Required action:
Below is a listing. Set down exactly the lines from the one containing "Dieses Shirt von" through the one containing "- Het veer naar", both ends included, and leave out the rest.

Material supplied:

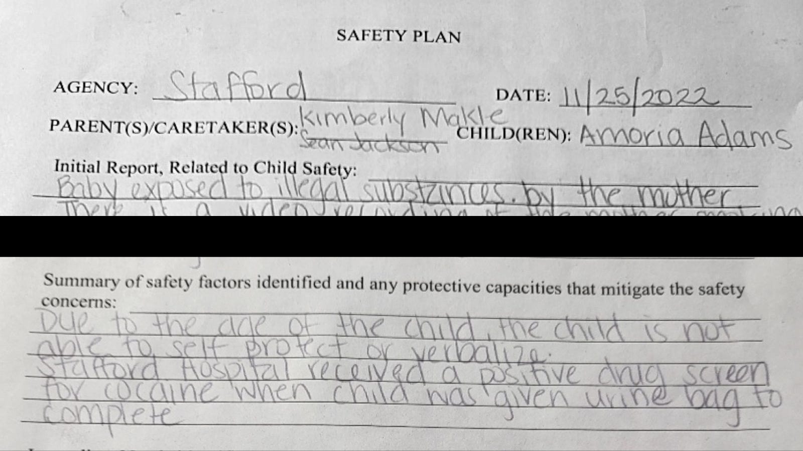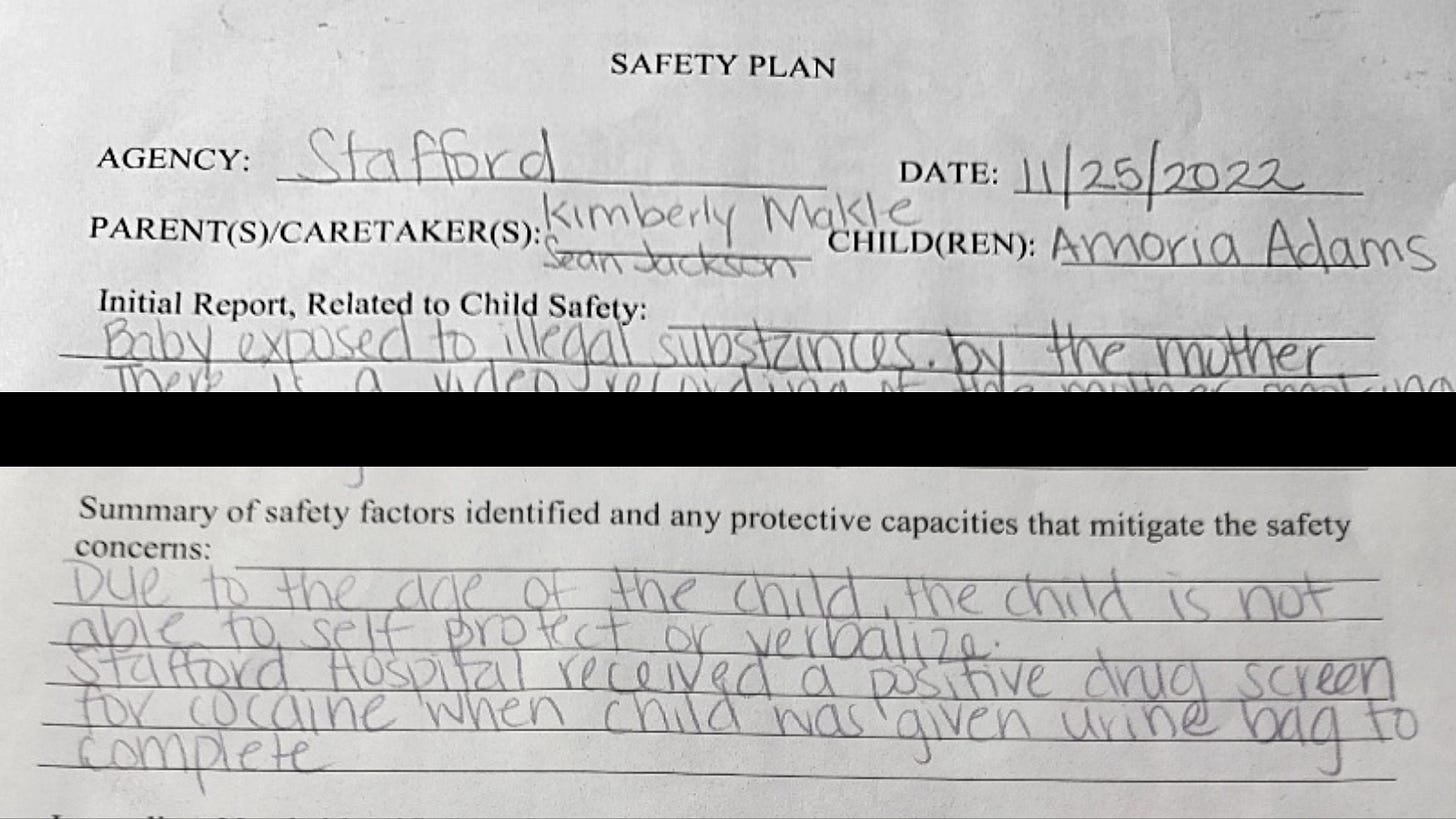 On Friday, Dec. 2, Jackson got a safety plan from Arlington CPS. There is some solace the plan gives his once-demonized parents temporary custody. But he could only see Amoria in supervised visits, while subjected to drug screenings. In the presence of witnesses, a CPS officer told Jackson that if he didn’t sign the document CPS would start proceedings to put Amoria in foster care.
---
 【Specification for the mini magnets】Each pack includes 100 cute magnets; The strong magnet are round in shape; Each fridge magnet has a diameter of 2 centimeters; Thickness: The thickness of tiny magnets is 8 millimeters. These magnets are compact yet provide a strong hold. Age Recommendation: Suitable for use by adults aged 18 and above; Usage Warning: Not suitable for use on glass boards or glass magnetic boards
---
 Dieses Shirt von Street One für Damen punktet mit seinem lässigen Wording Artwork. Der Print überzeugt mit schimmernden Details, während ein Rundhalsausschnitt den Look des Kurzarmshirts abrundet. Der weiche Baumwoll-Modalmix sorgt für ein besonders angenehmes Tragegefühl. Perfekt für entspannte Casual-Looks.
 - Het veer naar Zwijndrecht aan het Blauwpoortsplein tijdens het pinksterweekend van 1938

Result of the exercise:
 Dieses Shirt von Street One für Damen punktet mit seinem lässigen Wording Artwork. Der Print überzeugt mit schimmernden Details, während ein Rundhalsausschnitt den Look des Kurzarmshirts abrundet. Der weiche Baumwoll-Modalmix sorgt für ein besonders angenehmes Tragegefühl. Perfekt für entspannte Casual-Looks.
 - Het veer naar Zwijndrecht aan het Blauwpoortsplein tijdens het pinksterweekend van 1938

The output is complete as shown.